ストーリー

水戸老公(里見浩太朗)一行は、新吉(伊澤柾樹)の母親・お松がいるという浜松へ。一行は金兵衛(木村元)、おすみ(吉田久美)の父娘が営む旅籠に世話になり、名物の鰻料理に舌鼓を打つのだった。ちょうど参勤交代の行列が、浜松に立ち寄っていたので、その侍たちで賑わっていたが、金兵衛の話だと旅籠や料理屋は儲けがないという。

参勤交代の大名行列は、美作津山藩藩主・森長成(宮下裕治)の一行である。長成の側用人の小野一馬(長野克弘)は、何者かが長成の命を狙っていることを察知し、共に百姓に扮して本陣を抜け出した。だが、不審者として追われ、小野は藩士に斬りかかられ深手を負ってしまう。そこへ弥七(内藤剛志)が助けに入り、その間に長成は川へと飛び込み逃げるのだった。

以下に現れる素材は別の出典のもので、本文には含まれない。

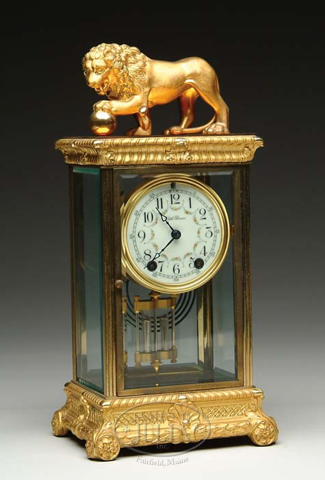 FINE SETH THOMAS GLASS AND BRASS CRYSTAL REGULATOR CLOCK. Fine glass and brass cased surmounted by a standing lion. Key and pendulum present. Beveled glass on four sides with a decorative base. Dial decorated with flower swags and signed “Seth Thomas”. PROVENANCE: From an eastern Connecticut Estate. SIZE: 15-1/2” h x 7-3/4” w x 6” d. CONDITION: Very good. 9-29864 (400-600)
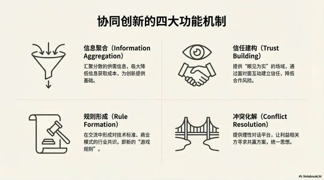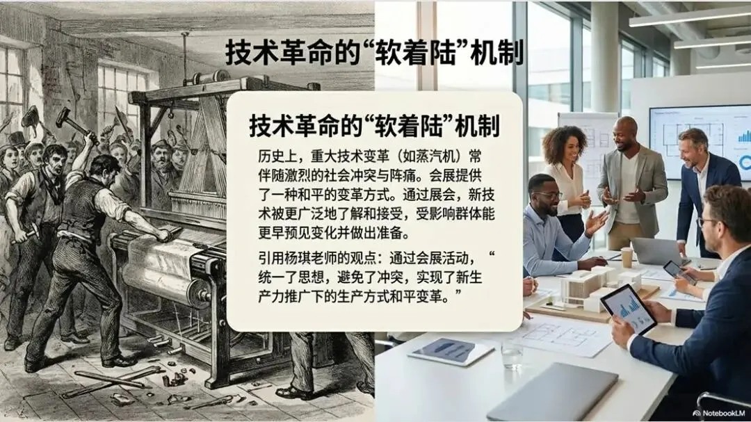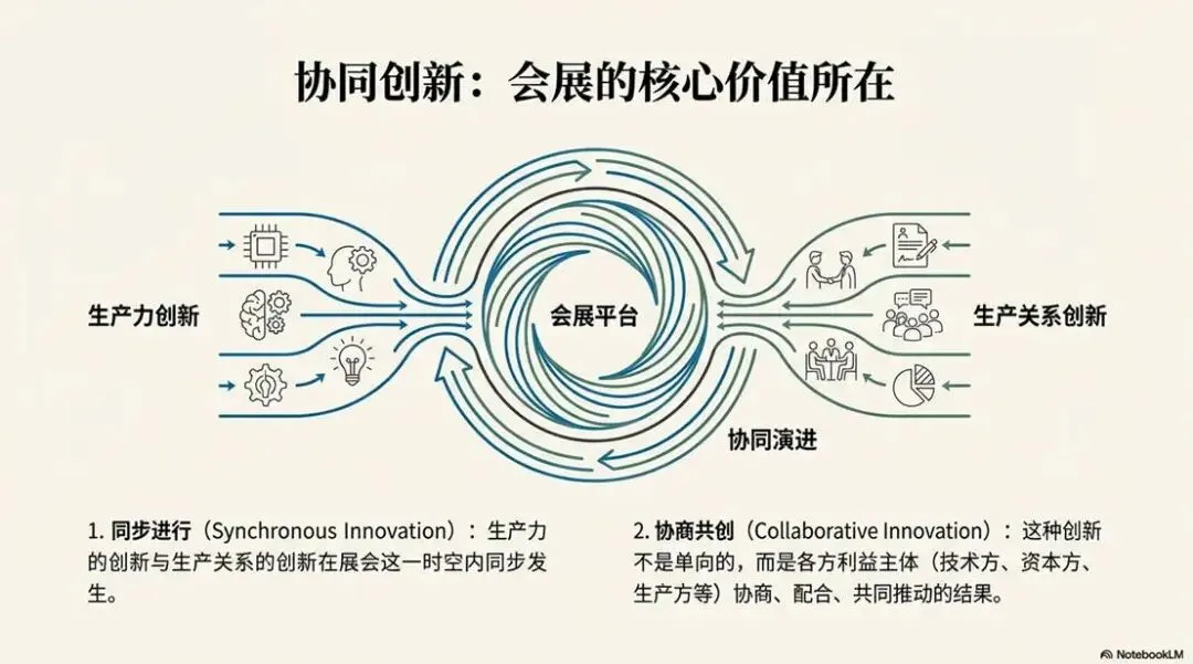 更重要的是,会展不仅展示“硬”的技术和产品,更展示“软”的思想和理念。新的商业模式、新的管理思想、新的发展理念,往往通过展会上的论坛、峰会、研讨会传播开来。这些思想层面的创新,某种意义上是更根本的生产力进步。杨琪老师特别强调:会展活动中的新产品、新技术、新思想是先进生产力的代表。这一判断精准地抓住了会展的核心功能——它是一个让先进生产力得以展示、传播、推广的平台。没有这样的平台,再好的创新也可能“养在深闺人未识”;有了这样的平台,创新就能快速为世人所知,进而转化为现实的生产力。如果说展示先进生产力是会展的“显性”功能,那么促进生产关系调整则是其“隐性”但更为深刻的功能。试想这样一个场景:一家初创企业带着革命性的新技术来到展会,它需要资金支持、需要生产合作伙伴、需要销售渠道。在展会上,它可能遇到感兴趣的投资者、有意合作的制造商、寻求代理的经销商。通过一轮轮的洽谈,各方达成合作意向,签订合作协议。这个过程中发生了什么?从政治经济学的角度看,实际上是在重新配置生产资料、重新安排生产中的相互关系、重新约定产品分配方式——换言之,就是在建立新的生产关系。这正是杨琪老师所指出的:会展活动中的参与各方围绕新产品、新技术、新思想,达成新合作,建立新的协调的生产关系。让我们进一步分析。一项新技术的产业化,往往涉及复杂的利益协调:技术持有者希望获得合理回报,投资者希望控制风险、获取收益,生产商需要确保利润空间,经销商关心市场潜力……各方诉求不同,立场各异。如果没有一个有效的协商机制,很可能陷入僵局,导致好技术无法落地。会展恰恰提供了这样一个协商机制。在这里,各方可以面对面交流,充分表达诉求,寻找利益平衡点。展会期间密集的洽谈、谈判、签约,本质上就是各方围绕新生产力的应用而进行的生产关系重构。这种重构是协商的、和平的、互利的,比起传统的利益博弈方式,效率更高、成本更低、结果更稳定。如果按照制度经济学的观点,这个新质生产力被认知、广泛使用的过程是一种交易成本(类似创新的扩散,需要不同使用者群体的交互和扩散),会展作为一种展示交流的平台可以减少交易成本,促进交流,达成合作。现在,我们可以更深入地理解杨琪老师观点的深刻含义了。会展之所以能够实现这种协同创新,在于它具有几个独特的功能属性。第一,信息聚合功能。会展将分散在社会各处的生产力信息和生产关系信息汇聚到一起,大大降低了各方获取信息的成本。参展商知道买家在哪里,买家知道什么产品最先进,投资者知道哪些技术有前景,求职者知道哪些企业在崛起。这种信息的高度聚合,为协同创新提供了基础条件。第二,信任建构功能。商业合作的前提是信任。会展提供了一个让各方“眼见为实”的场所——产品可以现场演示,企业实力可以直观感受,合作诚意可以当面确认或者通过同行的八卦闲聊间接印证。这种面对面的互动,有助于建立信任,降低合作风险。第三,规则形成功能。每一场行业展会,实际上都在形成和传播行业规则。什么样的技术标准会成为主流?什么样的商业模式受到认可?什么样的合作方式更有效率?这些问题的答案,往往在展会的交流中逐渐形成共识。这种共识,就是新的“游戏规则”,为生产关系的调整提供了依据。第四,冲突化解功能。新技术的推广往往会触动既有利益格局,引发不同群体之间的矛盾。会展提供了一个理性对话的平台,让各方能够充分表达关切,寻求共赢方案。正如杨琪老师所言:通过会展活动,统一了思想,避免了冲突,实现了新生产力推广下的生产方式和平变革。这最后一点尤为重要。历史上,每一次重大的技术变革都伴随着深刻的社会调整,有时甚至引发激烈的社会冲突。蒸汽机的普及曾导致手工业者大规模失业,汽车的兴起曾让马车夫群体消亡。这些变革虽然最终推动了社会进步,但过程中的阵痛是真实的、痛苦的。而会展提供了一种“软着陆”的机制。通过展会,新技术可以被更广泛地了解和接受;- 通过展会,被影响的群体可以更早地预见变化、做出准备;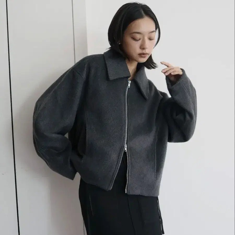 [ hellam ] 페이크 비버 숏 기장 W 지퍼 블루종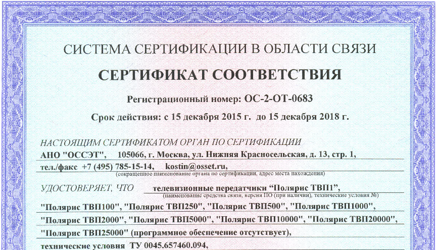Обновлены сертификаты на Полярис ТВП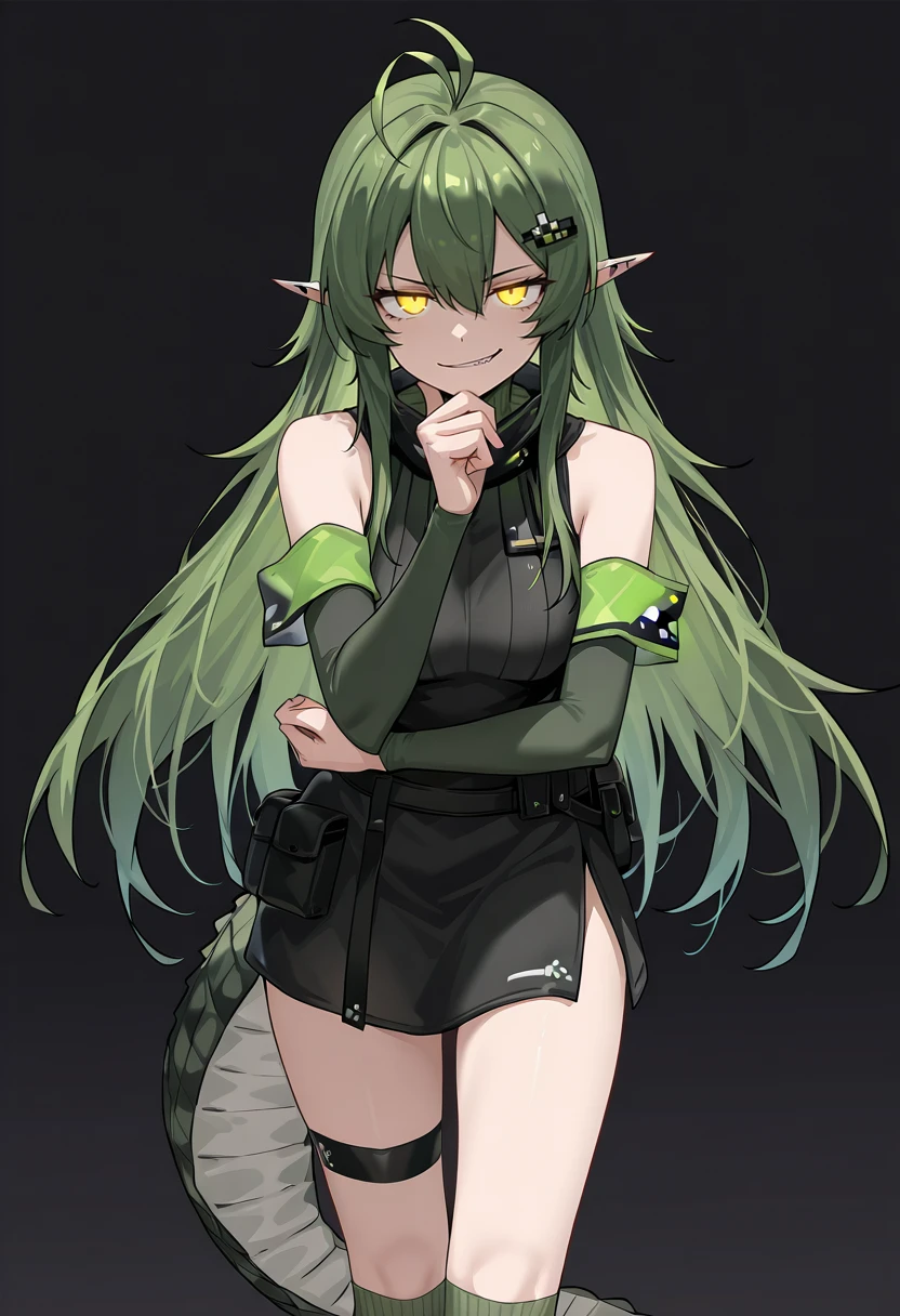 gavial_ak, gav_base, green hair, long hair, hair between eyes, antenna hair, pointy ears, yellow eyes, crocodilian tail, green tail, hairclip, turtleneck dress, black dress, short dress, shoulders, green armband, detached sleeves, side slit, black pouch, belt pouch, legwear garter, green socks, ribbed socks, black shoes, heels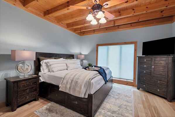 This newly appointed post and beam three bedroom three bath retreat checks every box for your perfect Smoky Mountain getaway. The open Great Room consists of a fully equipped gourmet kitchen with stainless appliances, granite counter tops, and custom cabinets, that opens to a spacious living room with a floor to ceiling wood-burning fireplace, oversized flat Smart TV, reading area, and a wall of windows facing a beautiful mountain view. Enjoy family meals together at the large banquet table, as well additional seating at the adjacent kitchen bar. Outdoor gathering space is bountiful with a large screened porch and open deck, complete with patio furniture and outdoor gas fireplace and gas grill. There is a King bedroom on the main floor, which is adjacent to a full bathroom with tub and shower combination. Upstairs features a large King bedroom with an en-suite bathroom, that also has a walk-in shower and whirlpool tub, facing mountain views. A hidden children's room is accessible through this bedroom and provides four Twin size beds. The loft area provides a quiet reading nook that has a Queen size sleeper sofa. The bottom level provides a large den, game room, mini-kitchen, gas fireplace, and a third bedroom with Queen size bed. There is another large Smart TV in the Den comfortable sofa and love seat. There is also another covered deck with private full size hot tub and patio furniture. This home is ideal for guests that need access to everything on the main floor without steps, including a bedroom, full bath, kitchen, dining area, and living room. Guests of this property may enjoy access to the swimming pool and 24 hour fitness center for a small fee, which is located at the Wild Laurel Golf Course, less than three minute drive from this home. Please note, for your health and safety, this property is a Non-Smoking property both indoors and outdoors. While staying at this home, guests will have access to the Wild Laurel Fitness Center at NO charge, and access to the swimming pool for a small fee.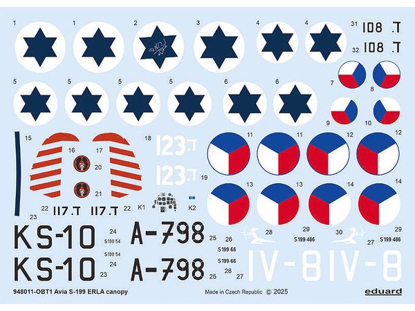 1/48 アビア S-199 (エルラキャノピー) Tフェース 両面塗装マスクシール (エデュアルド用)

旅籠では、新吉がおすみに、母親探しをしていることを話していた。唯一の手がかりは、新吉が持っているお守りだった。お守りを見たおすみは、お守りは浜名湖の近くにある館山寺のものであるが、新吉がひとりで行くには遠いので、八兵衛と一緒に行くことを勧めるのだった。
老公たちは金兵衛とおすみに連れられ、川辺での鰻漁を見せてもらっていた。すると、藪の中からずぶ濡れで憔悴しきった若い男が現れた。一行は男を旅籠へと連れて行き、事情を聞いたが、茂吉という名前以外しどろもどろで要領を得ない。そこへ、弥七から知らせが入る。弥七から昨夜の話を聞いた老公は、弥七がかくまっている男と一緒にいて、川に逃げた男が茂吉であると想像するのだった。
ぐずぐずしている八兵衛(林家三平)にしびれを切らした新吉は、ひとりで館山寺に向かおうとしていた。そこに茂吉と出くわし、新吉と茂吉は一緒に館山寺へ出かける。館山寺の僧に話を聞くと、お松は確かに浜松にいたが、3年前に西へ行くと言って出て行ったという。浜松に母がいると思っていた新吉は、すっかり落ち込んでしまう。重い足どりで寺から帰る二人の前に突然、無幻斎(大沢樹生)が現れ、襲いかかってきた。そこへ東条隼斗(市瀬秀和)現れて、二人の窮地を救うのだった。
お娟(由美かおる)の調べで、茂吉は美作津山藩主・森長成であることが明らかになった。また、美作津山藩家老の戸田主計(磯部勉)が長成の命を狙っており、浜松藩家老の土屋主膳(原口剛)もこの企みに関わっていることもわかった。老公は弥七がかくまっている小野から事情を聞くことにした。小野によると、戸田は長成を亡き者にして先代の子供を藩主に据え、藩政を我が物にしようと企んでいるという。
無幻斎によって長成の居場所を知った戸田は土屋とともに、金兵衛を呼び出した。土屋は金兵衛に、長成に出す食事に毒を混ぜるよう命じ、逆らえば鰻料理を出すことを禁じると脅したのだった。金兵衛は、料理に毒を盛るがその料理を出すことが出来なかった。しかし、何も知らないおすみは、残っていた毒入りの料理を膳にのせて長成の元へと運んでしまうのだった。それに気がついた金兵衛が、すぐに止めに入り大事には至らなかったが、金兵衛から理由を聴いた長成は責任を感じ、自らの身分そして事情を皆に話すのだった。
老公は戸田らの悪事を暴くため、一計を案じる。生類哀れみの令に倣って鰻料理を禁じるといった藩の触書に背いて、金兵衛と鰻の蒲焼を店先で売った。噂を聞きつけた戸田と土屋らは旅籠にやってきて、長成を見るやいなや捕らえようと襲いかかってきたが、その場で老公により戸田と土屋は今回の企み、そして今までの悪事を追求され観念するのだった。長成も、この一件で知り得たことを肝に銘じると誓い浜松を後にするのだった。